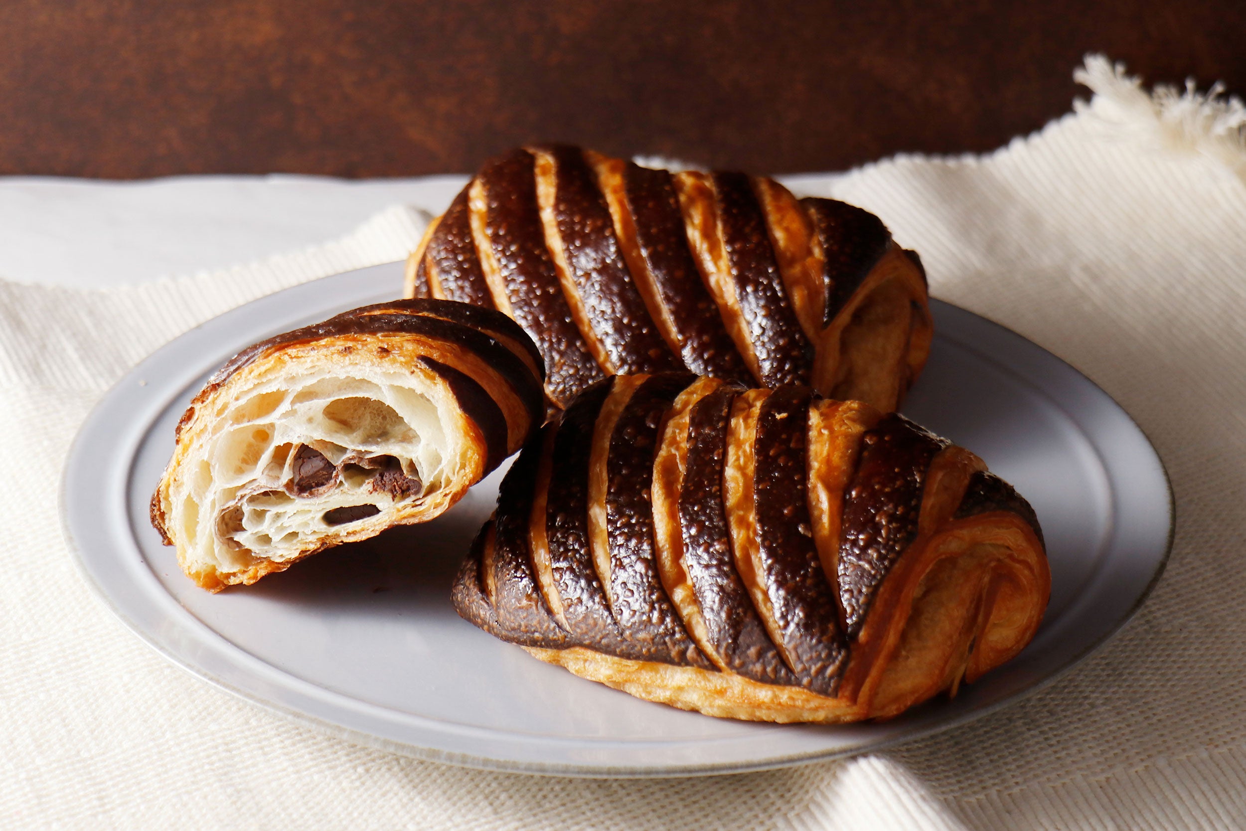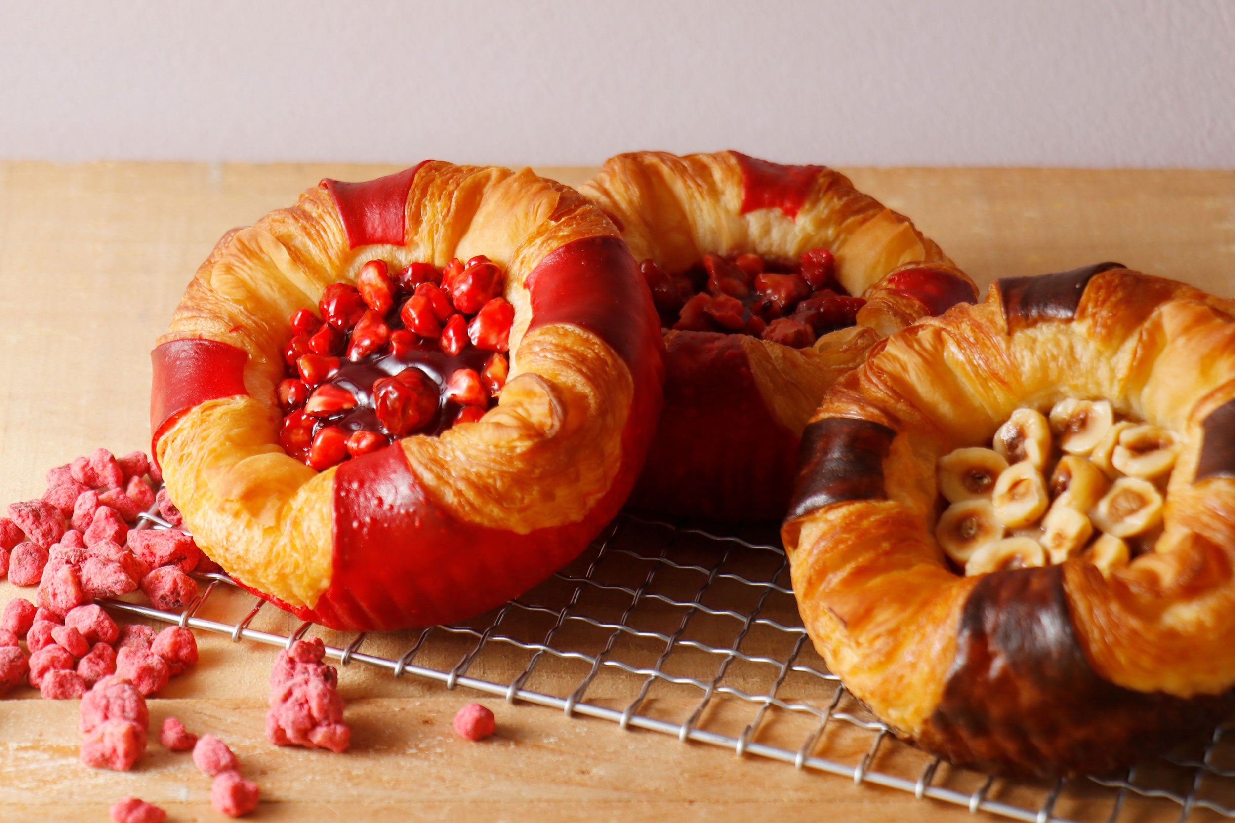 2色のクロワッサン生地にフランボワーズコンフィチュールとコンカッセの入ったパテシエール、コンカッセを合わせた「クッサンルージュ(画像左)」とヘーゼルナッツプラリネパテシエール、ヘーゼルナッツ、ローストヘーゼルナッツを合わせた「クッサンプラリネ(画像右)」
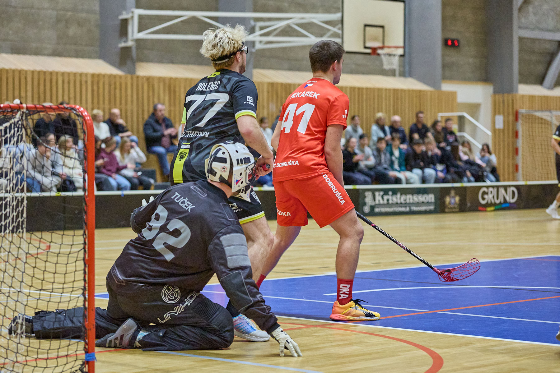 Šestnáct vteřin po zahájení třetího dějství faulovali hosté v předbrankovém prostoru, a tak bylo nařízeno trestné střílení. Matěj Mikšovský krásně podstřelil gólmana a navýšil tak náskok Šelem na 4:0. Na nájezd se můžete podívat na instagramovém profilu FBC Trutnov. Ve 44. minutě snížili hosté na rozdíl tří branek. Po několika nebezpečných zákrocích červeno-bílých rozhodčí udělili trest na 2+2 minuty, a o minutu později dokonce červenou kartu, tudíž trest do konce utkání a další přesilovou hru na 2+2 minuty. Trutnov si tak vyzkoušel dokonce hru pět na tři. Žádnou z přesilovek se však proměnit nepodařilo. V posledních dvou minutách ještě přidal dvě branky střelec zápasu Matěj Mikšovský a Šelmy zvítězily 6:1.
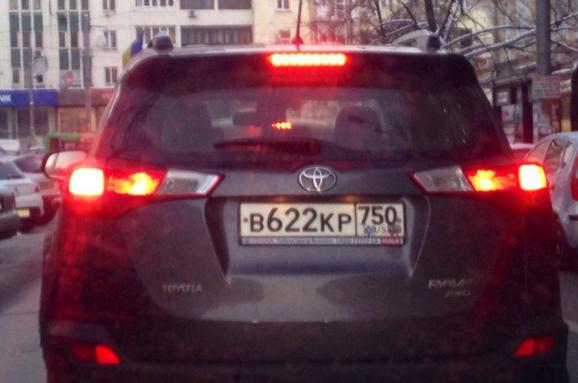 "Утренние пробки: в центре Киева то ли искренний украинский жидобандеровец из России, то ли боится, что новенький RAV4 в отместку за Путлера подрихтуют: мало того, что флажок наш повесил, да еще в номере региона 750 Московской области буковку R в аббревиатуре RUS закрыл звездой Давида, а триколор закрасил ", - написал он.
============================================================
Set the listing down in full and exactly. Pictures within it should not appear in the copy.

 2色のクロワッサン生地にフランボワーズコンフィチュールとコンカッセの入ったパテシエール、コンカッセを合わせた「クッサンルージュ(画像左)」とヘーゼルナッツプラリネパテシエール、ヘーゼルナッツ、ローストヘーゼルナッツを合わせた「クッサンプラリネ(画像右)」
 Šestnáct vteřin po zahájení třetího dějství faulovali hosté v předbrankovém prostoru, a tak bylo nařízeno trestné střílení. Matěj Mikšovský krásně podstřelil gólmana a navýšil tak náskok Šelem na 4:0. Na nájezd se můžete podívat na instagramovém profilu FBC Trutnov. Ve 44. minutě snížili hosté na rozdíl tří branek. Po několika nebezpečných zákrocích červeno-bílých rozhodčí udělili trest na 2+2 minuty, a o minutu později dokonce červenou kartu, tudíž trest do konce utkání a další přesilovou hru na 2+2 minuty. Trutnov si tak vyzkoušel dokonce hru pět na tři. Žádnou z přesilovek se však proměnit nepodařilo. V posledních dvou minutách ještě přidal dvě branky střelec zápasu Matěj Mikšovský a Šelmy zvítězily 6:1.
 "Утренние пробки: в центре Киева то ли искренний украинский жидобандеровец из России, то ли боится, что новенький RAV4 в отместку за Путлера подрихтуют: мало того, что флажок наш повесил, да еще в номере региона 750 Московской области буковку R в аббревиатуре RUS закрыл звездой Давида, а триколор закрасил ", - написал он.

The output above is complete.